&& and || are C ++ very special operator, && and || built to achieve a short-circuit rules, operator overloading rely on overloading to complete operand as a function of transmission parameters, C ++ function parameters will be evaluated, not short-circuit the rules. And so it will not reload logic or logic in general.
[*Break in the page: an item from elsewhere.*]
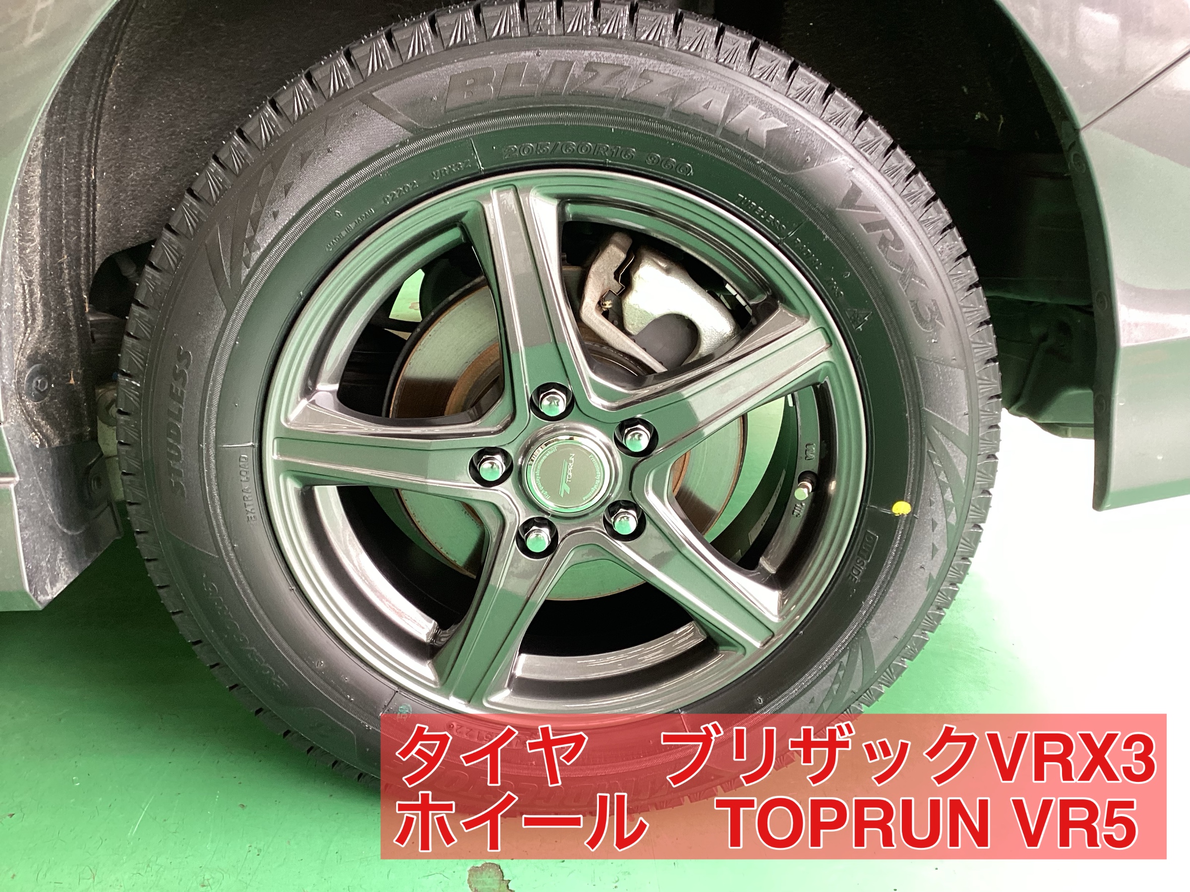 タイヤはブリザックVRX3 ホイールはTOPRUN VR5 になります。

Here with a case to analyze why do not overload or logic and logic.
#include <stdio.h>
class Test8
{
public:
Test8(int a)
{
m_a = a;
}
bool operator&&(Test8 &obj)
{
return (m_a && obj.m_a);
}
private:
int m_a;
};
int main()
{
Test8 a(10), b(0), c(30);
b && (a = c);
printf("a = %d, b = %d, c = %d\n", a, b, c);
return 0;
}Overloaded function can be logically and operation, there is no effect on the results, but we can not simulate the real logical process and the implementation of the above program, if not overloaded && use, but simply the digital computing, that is defining integral data a = 10, b = 0, c = 30; operation then b && (a = c), the result in this case is b = 0, a = 10, c = 30; apparent later assignment a = c is not performed, the principle of which is short-circuited with built-in logic, as before is 0 && is, on the end not perform the following operations;
whereas if overloaded functions, an object is && operation, At this time, the result is a = 30, b = 0, c = 30, can be found behind the assignment is carried out, and why?
We know, && is overloaded by overloading to complete operand as a function of transmission parameters, then the above b && (a = c) can be rewritten as the operation b.operator && (a = c)
it is clear that the process does not there will be a short circuit principle. So overloaded && && operator is not operating in the true sense, the same || operator is like this, do not overload && and || operators under the normal circumstances.